Did you make it yourself?
We’ve known for a long time the broad details of how the Solar System formed. The Nebular Hypothesis was first proposed back in the 18th century and has been refined over time with the aid of detailed observations of areas where other star systems are in the process of being born into its current general state. The theory goes that you start with what is called a molecular cloud – a big clump of gas that is mostly hydrogen. At first the matter in this cloud will be very diffuse and spread out, but since it isn’t exactly evenly distributed the cloud will have areas where there is a slightly higher concentration of gas molecules than the average. This is enough to get the gravitational ball rolling: those small concentrations of gas molecules are heavy enough to attract and absorb other gas molecules, which makes them heavier, which lets them attract yet more molecules etc. etc. It’s a runaway process that eventually draws most of the surrounding gas cloud in towards a common centre of mass. While this is happening the Brownian motion of the gas molecules in the cloud will average out so that the cloud starts to rotate in the direction of its net angular momentum1, causing the outer regions of the cloud to flatten into a disc shape. The centre of the cloud collapses to the point where the pressure and temperature are enough to kickstart a nuclear fusion process, creating a star. This leaves a disc-shaped remnant of gases that is rotating around the star in the direction of the original cloud’s rotation, and this is where we eventually get the planets from.

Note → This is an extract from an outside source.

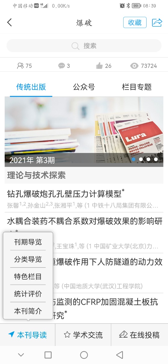 超星期刊是与读秀学术搜索对接的期刊检索平台,可以通过分类查找期刊,也可以通过检索期刊名、出版地、关键词找到需要的期刊,期刊内容实时更新。在左下角“本刊导读”里,“刊期导览”可以找到从发行至今的所有期刊文章;“分类导览”可通过作者、学科等分类找到对应的文章;“特色栏目”是本刊的特色;“统计评价”可以看到发文量趋势、年度基金资助文献量、文献所属栏目分布、学科分布;“本刊简介”是对期刊的简单介绍。

This protoplanetary disc then goes on to form the planets in much the same way as the molecular cloud formed the star. This time the starting point is a dust grain within the disk. This dust grain collides with another dust grain in the disk, and the two stick together. Repeat this process a couple of million times and you now have a clump of matter several hundred metres on a side hurtling around the proto-star. Smash many of these clumps together and eventually a planetesimal will be created; this is a chunk of stuff about 1 km in diameter. The planetesimal stage is the point where the process becomes runaway since planetesimals are large enough to attract one another through their own self-gravity – they collide, merge and the resulting boost in mass means they attract even more planetesimals.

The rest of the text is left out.